The Julia language is very lispy at its heart, giving you access to the AST and having "true" macros. The surface syntax however is akin to Python or Matlab. Granted, doing AST manipulations in Julia is more cumbersome than in Lisp, but AFAIK the language creators actually discourage the (over)use of macros, as the resulting mini-languages can make it difficult for outsiders/newcomers to understand or maintain the code.
It admittedly is, just as it is for most other people: there are very few "serious" prorgams I can name that were written in Lisp, in spite of its venerated heritage.
There's no shortage of options in the programming language field, so one would be a fool to stick with a language they don't enjoy working in.
In some languages, like C, you don't have the full power of main language inside the macros.

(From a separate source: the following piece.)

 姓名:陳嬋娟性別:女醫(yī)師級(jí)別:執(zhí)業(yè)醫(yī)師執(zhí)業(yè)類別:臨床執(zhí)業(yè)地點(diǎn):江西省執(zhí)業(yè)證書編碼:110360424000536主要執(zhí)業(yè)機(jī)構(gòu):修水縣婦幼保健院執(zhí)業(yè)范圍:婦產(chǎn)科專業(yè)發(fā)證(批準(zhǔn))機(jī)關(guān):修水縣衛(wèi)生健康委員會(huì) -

In other languages, you have the whole language inside the macros, but the community and the docs discourage you about writing macros. As a related example, in rust the macros have a ! so it's easy to distinguish macros from function calls.

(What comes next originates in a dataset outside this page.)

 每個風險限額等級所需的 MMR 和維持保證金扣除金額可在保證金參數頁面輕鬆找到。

In the lisp family of languages, the idea is that everyone can write macros. Macros are dangerous because they can do weird things, but functions can do weird things too. Functions are more restricted, but until you look at the source code you are not sure that they will not ignore all the arguments, or format your hard disk, or something weird in between.
I know more about the internal working of racket. One of the open secrets is that it has a lot of macros that pretend to be function. They behave nicely like function, but under the hood they are macros, mostly to generate more efficient code in the common case. For example functions with keywords, of functions with contracts, or functions like `in-list` that can be used in a `for` to iterate a list. (Other macros are weird and do very complex things, in particular `for` and `match` are implemented as macros inside the language.)

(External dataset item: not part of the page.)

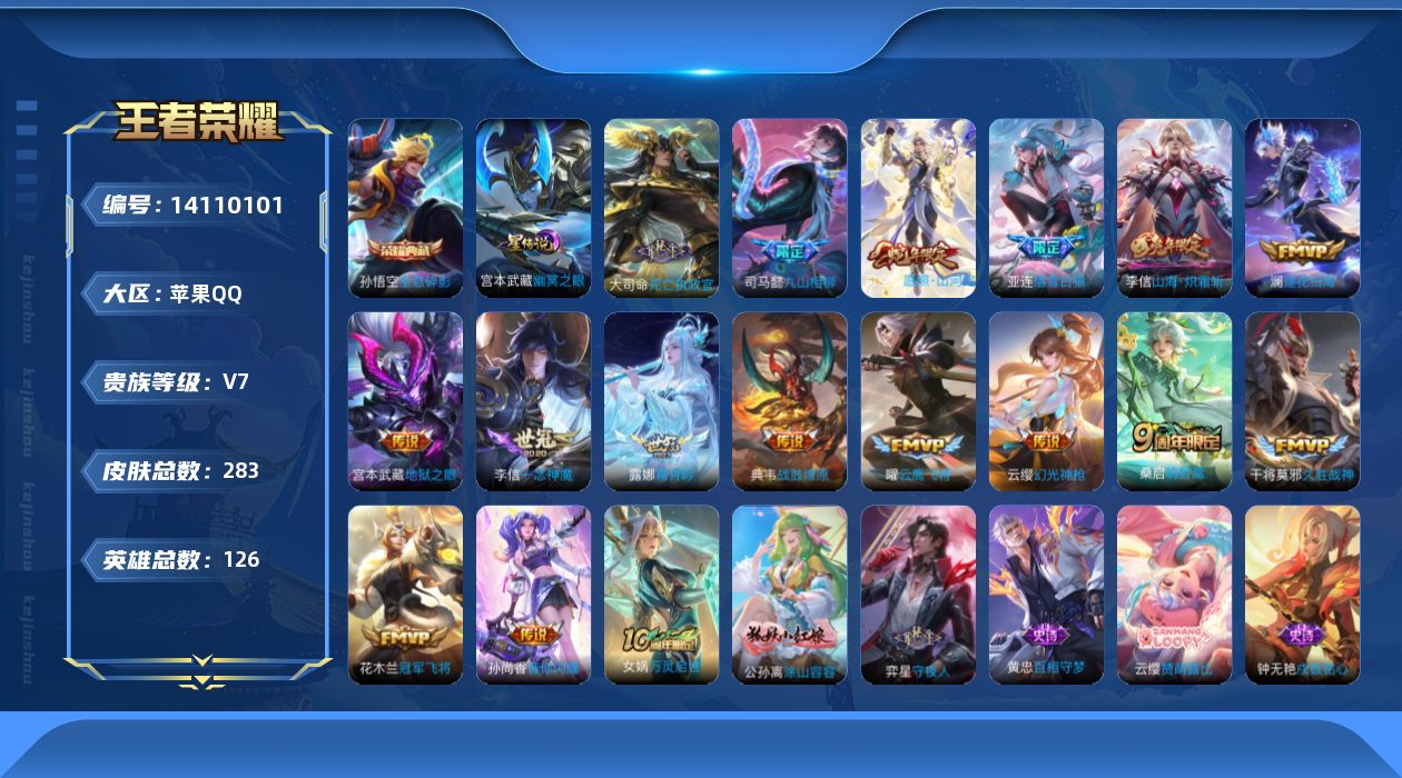[14110101]34按键 苹果q-v7-283皮肤-1典藏皮肤-17传说-83史诗 【英雄全皮】:司马懿全皮,孙权全皮,苍全皮,李信全皮,司空震全皮,空空儿全皮,影全皮 【荣耀典藏】:孙悟空全息碎影 【传说皮肤】:后羿神树通天,大司命死亡执政官,司马懿九山相柳,司空震愿照山河定,云缨幻光神呛,桑启鸣野蒿,亚连落雪白狼,典韦战鼓燎原,澜逐花归海,露娜霜月吟,李信山海炽霜斩,孙尚香音你闪耀,曜云鹰飞将,李信一念神魔,干将莫邪久胜战神,花木兰冠军飞将,宫本武藏地狱之眼 【限定皮肤】:暃埋骨钱,蒙犽顽岩魄,蔡文姬夏日便利店,大乔绒语心约,虞姬夏日便利店,姜子牙天穹之誓,杨戬破阵退雄兵,李白谪仙醉月,狄仁杰阴阳师,赵云皇家上将,高渐离玩趣恶龙,阿轲迷踪丽影,元歌云间偶戏,马可波罗暗影游猎,狄仁杰魔术师,狄仁杰万华元夜,达摩沙漠行僧,项羽海滩派对,老夫子醍醐杖,程咬金演武夺筹,兰陵王金庭之子,李元芳云中旅人,钟馗驱傩正仪,干将莫邪胡桃夹子,鬼谷子原初探秘者,鬼谷子五谷丰年,弈星混沌棋,沈梦溪大漠名商,明世隐疑决卦,裴擒虎李小龙,裴擒虎擒涛扼浪,狂铁电玩高手,云中君纤云弄巧,李信山海炽霜斩,嫦娥拒霜思,鲁班大师探海日志,桑启海盐诗旅,艾琳女武神,艾琳流音漫舞,司空震地狱燃心,阿古朵江河有灵,张良古海寻踪,蒙犽百解令,鬼谷子天穹祈灯,百里玄策超元猎域,亚连落雪白狼,沈梦溪龙舞盛年,鲁班七号蔬乡物语,刘邦剑破天穹,程咬金群星魔术团,镜青焰无极,项羽苍威无极,刘备异域游侠,芈月浮光幕影,周瑜熔金海岸 【年限皮肤】:李信山海炽霜斩 【赛季限定】:狄仁杰万华元夜,达摩沙漠行僧,老夫子醍醐杖,程咬金演武夺筹,兰陵王金庭之子,张良古海寻踪,李元芳云中旅人,钟馗驱傩正仪,鬼谷子原初探秘者,弈星混沌棋,沈梦溪大漠名商,明世隐疑决卦,裴擒虎擒涛扼浪,鲁班大师探海日志,桑启海盐诗旅,鬼谷子天穹祈灯,刘邦剑破天穹,姜子牙天穹之誓 【战令限定】:蔡文姬夏日便利店,虞姬夏日便利店,阿轲迷踪丽影,元歌云间偶戏,马可波罗暗影游猎,艾琳流音漫舞,狂铁电玩高手,司空震地狱燃心,鲁班七号蔬乡物语,镜青焰无极,项羽苍威无极 【史诗皮肤】:鲁班七号电玩小子,项羽苍穹之光,露娜紫霞仙子,赵云皇家上将,赵云未来纪元,貂蝉圣诞恋歌,甄姬冰雪圆舞曲,王昭君偶像歌手,狄仁杰魔术师,廉颇地狱岩魂,宫本武藏鬼剑武藏,孙尚香水果甜心,妲己魅力维加斯,

Welcome back pg. You should check out Jetbrains MPS, they are doing cool stuff with projectional editing. Which could mean no more brackets. I read via Twitter that they recently announced MPS for Web in Amsterdam yesterday, unfortunately I missed the conference because of my home situation :). Luckily they filmed the presentations so I will be waiting for them on YouTube.
Instead of writing code on the weekend, I instead have been thinking about and visualizing the code that I would like to write. That way I can use my hands for other activities, like playing in the dirt.
paulgraham.com isn't secured by HTTPS. The reason why sites like this should be secured is content manipulation attacks. Now I can't trust that the Bel source code that I see is actually written by pg.
From a skim of the Bel materials, I couldn't answer these questions. Maybe PG or someone else can take a stab at the answer?